The insider trading case was filed by the SEC in March against former Coinbase employees, including its Chief Legal Officer, claiming that they misused confidential information to make personal profits during the company’s announcement of the addition of Bitcoin Cash to its platform in December 2017. Coinbase denied any wrongdoing and fired the employees in question.
The Chamber of Digital Commerce, in its statement, argued that the SEC’s case is a prime example of the agency trying to expand its authority and regulatory scope beyond what is authorized by Congress. It noted that the SEC has never been authorized to regulate or oversee the digital asset market and expressed concern that characterizing secondary market transactions of cryptocurrency as securities transactions could have a negative impact on the industry.
The Chamber of Digital Commerce also cited several other cases in which the Supreme Court has ruled that regulators must first be authorized by Congress before they can regulate certain aspects of an industry.
The SEC has been increasingly active in its regulation of the cryptocurrency industry and has taken action against a number of high-profile companies and individuals in recent years, including Ripple and Telegram. While the agency has said it is committed to protecting investors and maintaining fair and orderly markets, critics have accused it of being overly aggressive in its approach.

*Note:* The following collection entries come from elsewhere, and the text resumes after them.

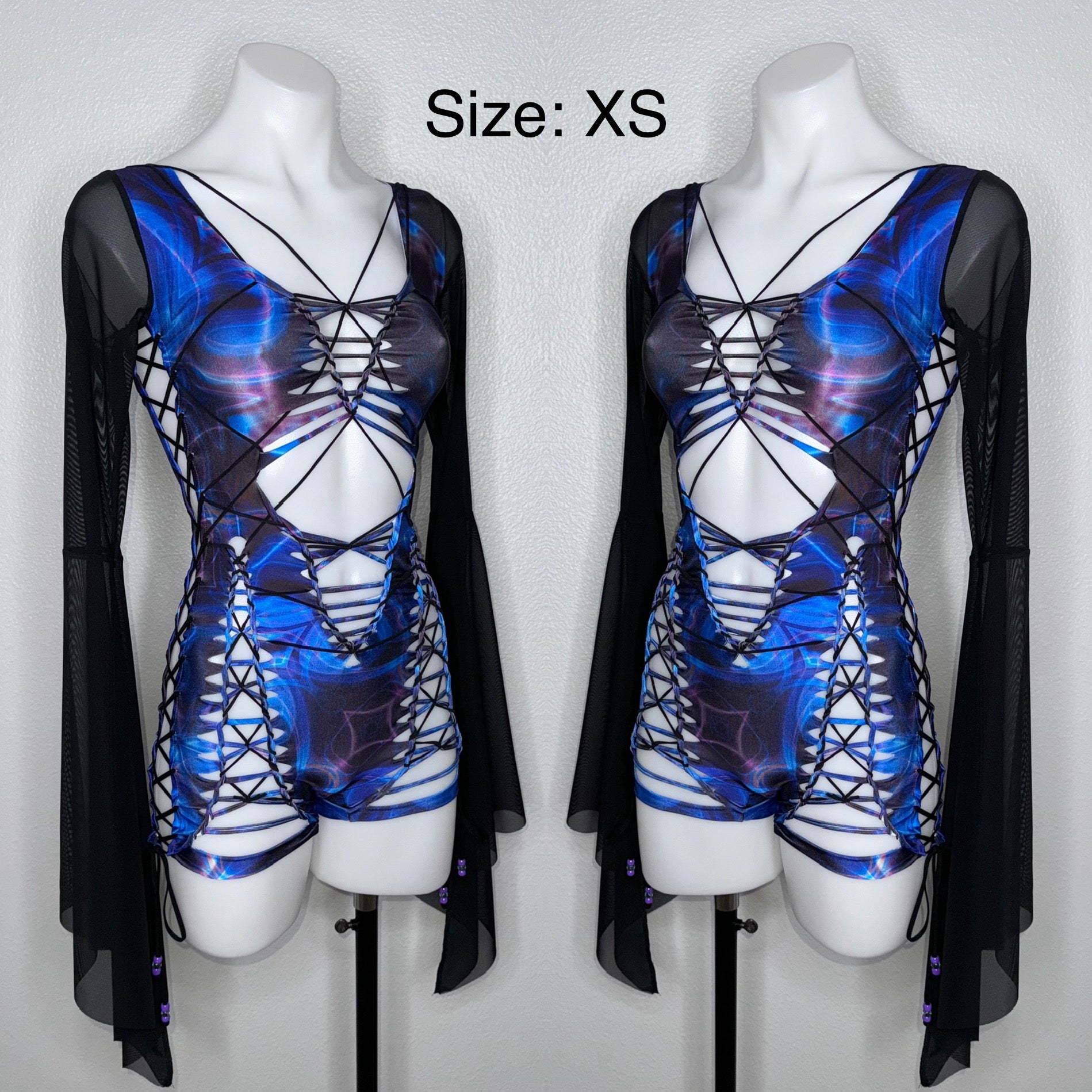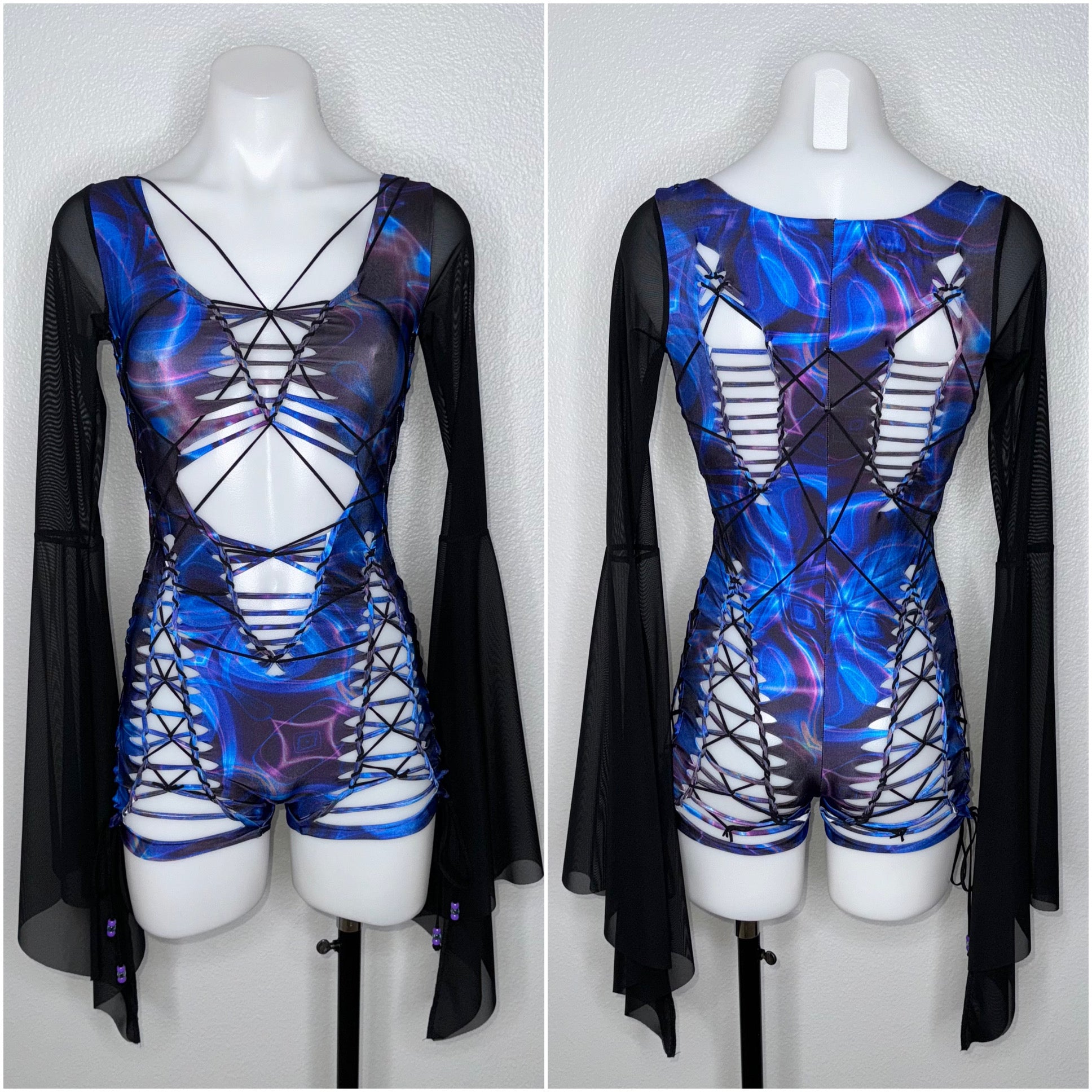 Fabric of playsuit is one layer of light weight nylon/spandex blend (4-way stretch and breathable) and sleeves are power mesh.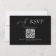 El amor moderno merece una tarjeta RSVP moderna. Esta elegante tarjeta RSVP de boda negra presenta un diseño minimalista limpio con tipografía blanca intemporal y código QR. Ideal para los temas bodas contemporáneos, románticos o de gama alta, el diseño combina simplicidad con calidez emocional. Personalizable para sus nombres, fecha, lugar y todos los detalles clave. Perfecto para las parejas que desean una invitación limpia y elegante que marque el tono para un día significativo e inolvidable. Póngalo en pareja con nuestras tarjetas Save the Date, invitaciones, sellos para sobres y más en la suite de coordinación completa.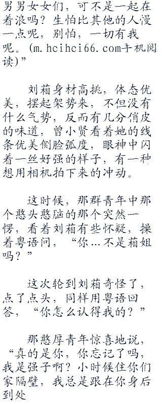 这时候,那群青年中那个憨头憨脑的那个突然一愣,看着刘葙有些怀疑,操着粤语问,“你…不是葙姐吗?”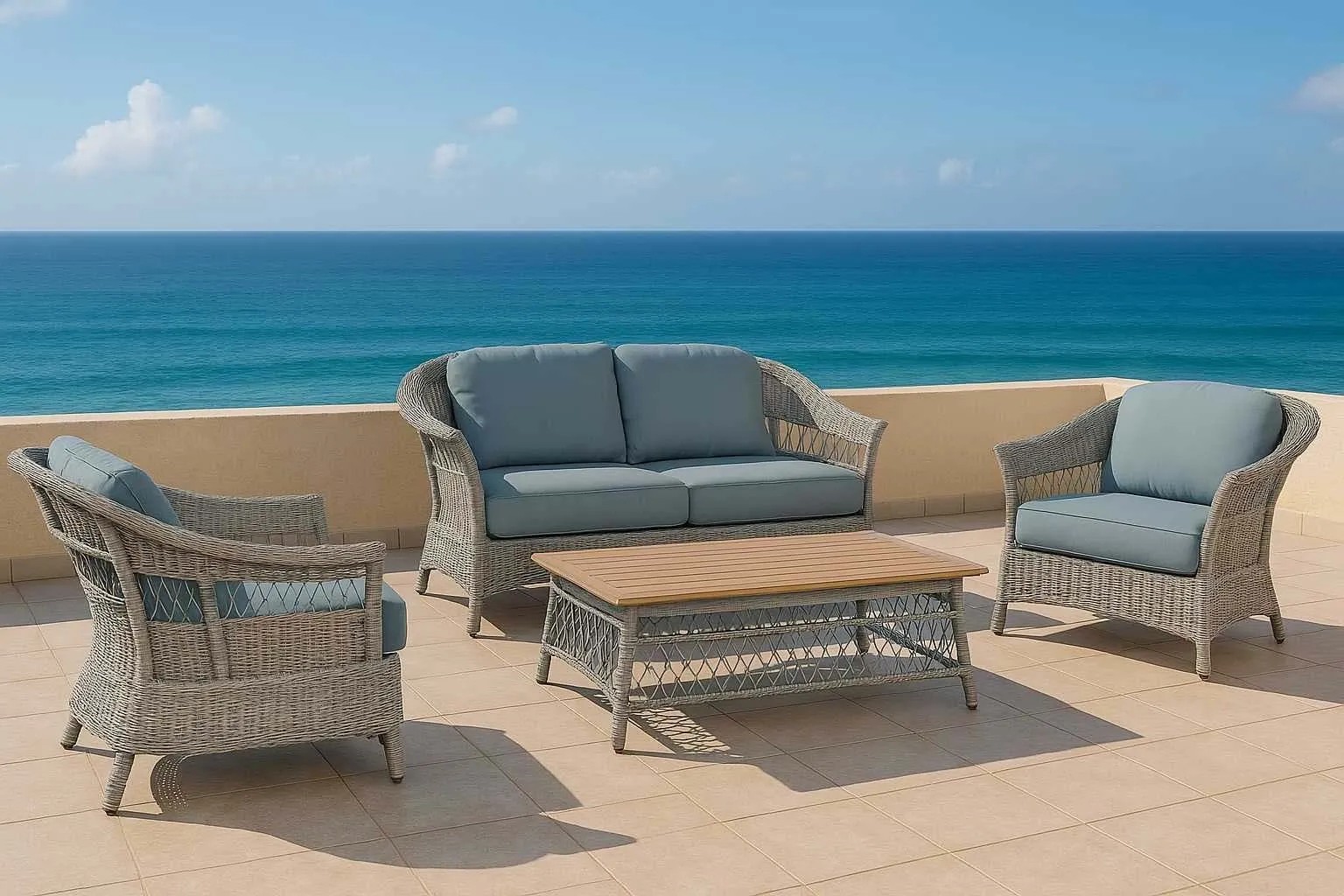 Salotto con struttura in alluminio con intreccio in polirattan grigio. Cuscini idrorepellenti con spessore 10 cm. Misure: - 2 poltrone cm77,5x77,5h85 - Divano a 2 posti cm134,6x77,5h85 - Tavolino cm90x60,3h44,5. Arreda il tuo giardino con soluzioni eleganti e confortevoli, ideali per creare ambienti accoglienti e vivere al meglio l`aria aperta. Ideali per esterni e interni, i nostri set valorizzano portici, salotti e taverne offrendo comfort, durata e uno stile sempre attuale.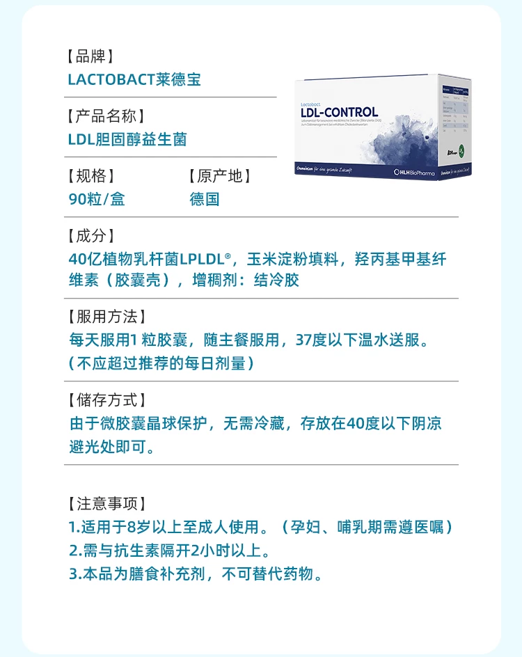 德国Lactobact莱德宝胆固醇益生菌90粒/盒【德国直邮 下单请提供身份证正反面照片】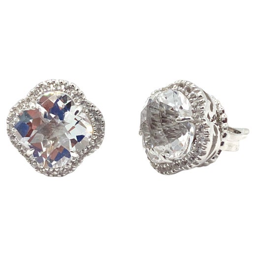 Los pendientes llevan 2 hermosos topacios azul cielo talla esmeralda y 2 lustrosas ...

In conclusion, the Chamber of Digital Commerce’s statement highlights the tension between regulators and the digital asset industry, with the former seeking to expand their oversight and enforcement powers and the latter fighting to maintain its autonomy and innovation. The outcome of the SEC’s case against former Coinbase employees could have significant implications for the future of the digital asset market and the balance of power between industry players and regulators.